Available records:
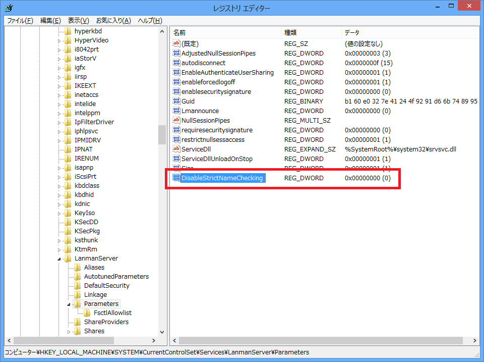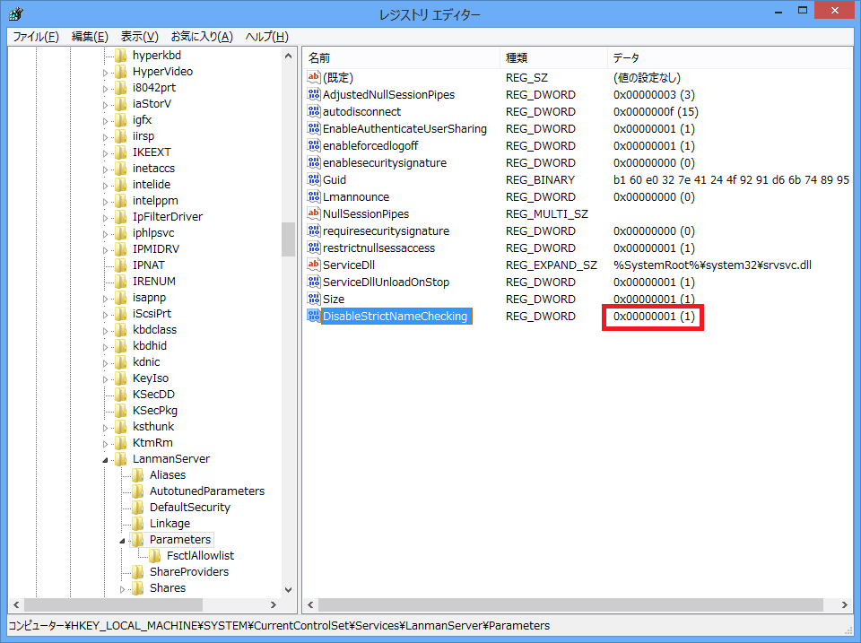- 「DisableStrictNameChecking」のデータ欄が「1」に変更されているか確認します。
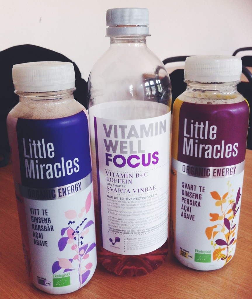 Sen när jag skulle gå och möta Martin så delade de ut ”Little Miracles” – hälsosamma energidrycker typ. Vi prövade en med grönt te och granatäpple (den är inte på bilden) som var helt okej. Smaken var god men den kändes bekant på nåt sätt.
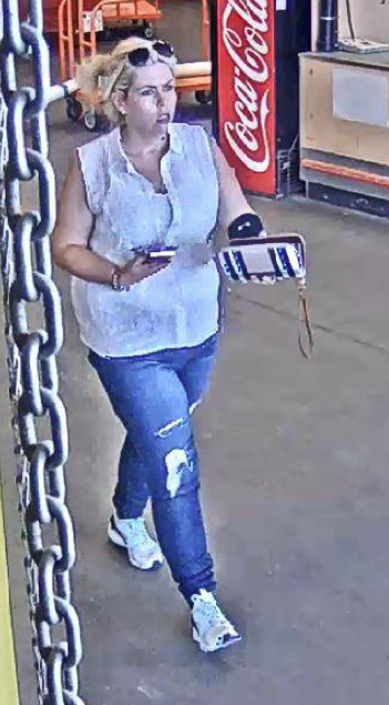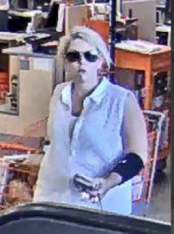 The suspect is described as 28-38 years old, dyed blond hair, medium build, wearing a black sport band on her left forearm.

---

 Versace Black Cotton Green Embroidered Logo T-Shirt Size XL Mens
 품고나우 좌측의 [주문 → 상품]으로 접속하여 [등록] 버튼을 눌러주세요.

Exercise instructions: Above are entries with pictures among them. Write out exactly the lines from the one containing "- 「DisableStri" through the one containing "The suspect is", ends included, and leave those pictures out.

Reply:
- 「DisableStrictNameChecking」のデータ欄が「1」に変更されているか確認します。
 Sen när jag skulle gå och möta Martin så delade de ut ”Little Miracles” – hälsosamma energidrycker typ. Vi prövade en med grönt te och granatäpple (den är inte på bilden) som var helt okej. Smaken var god men den kändes bekant på nåt sätt.
 The suspect is described as 28-38 years old, dyed blond hair, medium build, wearing a black sport band on her left forearm.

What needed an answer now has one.